Война начинается. В дневнике Кафки она появляется двумя событиями: общим («мобилизация») и личным (в армию призваны мужья его сестер; одна из них, Валли, переезжает с детьми в родительскую квартиру, Франц временно перебирается в ее квартиру на Билекгассе). «Теперь я получу в награду одиночество», – записывает он 31 июля. В сущности, Кафка выигрывает от всеобщего бедствия: месяцем раньше он пытался отдалиться от родительского дома сложным и опасным (и безнадежным) путем женитьбы на Фелиции, теперь же, после краха матримониальной затеи, другой крах, всеобщий, европейский, отчасти решает эту задачу. Кафка получает в свое распоряжение бытовое одиночество и, хотя не уверен, что это действительно «награда» («одиночество – это наказание», – пишет он в дневнике), все-таки пытается быть честным перед самим собой: «меня мало задело всеобщее бедствие». Что подтверждается записью от 2 августа, вполне в духе той самой ремарки Николая Второго: «Германия объявила России войну. После обеда школа плавания».

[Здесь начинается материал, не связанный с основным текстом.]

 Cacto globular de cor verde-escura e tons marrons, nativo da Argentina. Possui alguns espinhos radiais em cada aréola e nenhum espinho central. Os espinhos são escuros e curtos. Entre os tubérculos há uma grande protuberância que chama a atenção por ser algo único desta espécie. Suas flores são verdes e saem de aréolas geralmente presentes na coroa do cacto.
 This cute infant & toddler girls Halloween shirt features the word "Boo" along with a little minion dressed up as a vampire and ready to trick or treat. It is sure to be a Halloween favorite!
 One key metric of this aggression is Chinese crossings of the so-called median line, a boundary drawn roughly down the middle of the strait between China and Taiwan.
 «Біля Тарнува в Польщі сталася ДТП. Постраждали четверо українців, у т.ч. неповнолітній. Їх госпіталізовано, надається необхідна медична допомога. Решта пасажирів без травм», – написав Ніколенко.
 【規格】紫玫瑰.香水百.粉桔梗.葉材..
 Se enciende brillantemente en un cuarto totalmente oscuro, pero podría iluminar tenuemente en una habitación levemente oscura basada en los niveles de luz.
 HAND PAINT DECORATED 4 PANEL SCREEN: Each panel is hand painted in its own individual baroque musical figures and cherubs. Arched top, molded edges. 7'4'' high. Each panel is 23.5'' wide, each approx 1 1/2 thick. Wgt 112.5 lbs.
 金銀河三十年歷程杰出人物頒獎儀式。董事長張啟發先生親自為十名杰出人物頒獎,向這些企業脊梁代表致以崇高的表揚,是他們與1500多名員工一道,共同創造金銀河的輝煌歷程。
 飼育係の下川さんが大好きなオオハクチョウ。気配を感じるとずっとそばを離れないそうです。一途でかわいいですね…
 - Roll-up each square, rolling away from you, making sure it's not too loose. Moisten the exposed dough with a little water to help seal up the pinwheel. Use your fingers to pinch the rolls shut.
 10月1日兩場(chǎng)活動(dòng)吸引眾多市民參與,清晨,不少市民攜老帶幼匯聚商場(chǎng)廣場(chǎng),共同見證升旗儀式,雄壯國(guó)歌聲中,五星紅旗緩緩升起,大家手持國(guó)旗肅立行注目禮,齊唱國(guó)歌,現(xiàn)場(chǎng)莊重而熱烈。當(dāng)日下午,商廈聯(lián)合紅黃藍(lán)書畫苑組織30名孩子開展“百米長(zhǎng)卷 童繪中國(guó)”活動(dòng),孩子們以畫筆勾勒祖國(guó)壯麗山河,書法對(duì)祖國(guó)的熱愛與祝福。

Если верить дневнику, Кафка в эти дни занят исключительно собой и отрывается от привычного самоедства только для того, чтобы записать: «Вдоль Грабена тянулась артиллерия». Но даже эта военная деталь нужна ему для зарисовки в духе не родившегося еще экспрессионистического кино: «Цветы, крики Heil и Nazdar. В толпе лицо, судорожно застывшее, изумленное, внимательное, смуглое и черноглазое». На фоне страданий, вызванных (как ему представляется) неспособностью писать законченные вещи, война кажется Кафке отвратительной мелочью, могущей лишь отвлечь от настоящего дела: «Я обнаруживаю в себе только мелочность, нерешительность, зависть и ненависть к воюющим, которым я страстно желаю всех бед» (6 августа). Апофеозом раздражения становится запись от того же числа, где Кафка описывает патриотическое шествие, сопровождаемое речью бургомистра: «Я стою и смотрю злыми глазами. Эти шествия – одно из самых отвратительных сопутствующих явлений войны».

вернуться

101

Что подтверждает отрывок из его письма Максу Броду и Феликсу Вельчу, посланного в конце июля, – в те самые дни, когда он занес в дневник отчет о крахе матримониальных планов: «Помолвка моя расторгнута, пробыл три дня в Берлине, все были мне добрыми друзьями, и я был всем добрым другом; впрочем, я знаю точно, что так – лучше всего, и поскольку необходимость произошедшего столь ясна, то я в отношении всего этого дела не так встревожен, как можно было бы предполагать» (Неизвестный Кафка / Пер. Г. Б. Ноткина. СПб.: Академический проект, 2003. С. 272). Поначалу кажется: Кафка здесь просто храбрится, он неискренен, пытаясь избежать унизительного сочувствия друзей, однако сам факт, что упоминание о роковом событии затерялось в письме среди описаний его пребывания на курорте, говорит о многом. На истинный характер отношения Франца к Фелиции намекает и изложенная в том же дружеском послании история о том, как он в Травемюнде решил отказаться от вегетарианства («мнимое упрямство, которое стоило мне помолвки») и как ему от этого было плохо. Думаю, биографам Кафки стоило бы задуматься о такой версии событий: Фелицию Бауэр не меньше, нежели чудовищный характер жениха, раздражало его бытовое поведение, отказ от мяса, алкоголя, культ здорового образа жизни. Любопытно также, что в зимне-весенней переписке с Гретой Блох Кафка уговаривает ее попробовать вегетарианство, спать с открытым окном, больше гулять и даже называет себя «природным целителем» (см., например, письмо от 18 марта 1914 г. в: Кафка Ф. Письма к Фелиции. С. 446). Кажется, мы так и не узнаем никогда, как Грета реагировала на бесцеремонное (пусть и эпистолярное) вторжение малознакомого человека в ее телесный мир.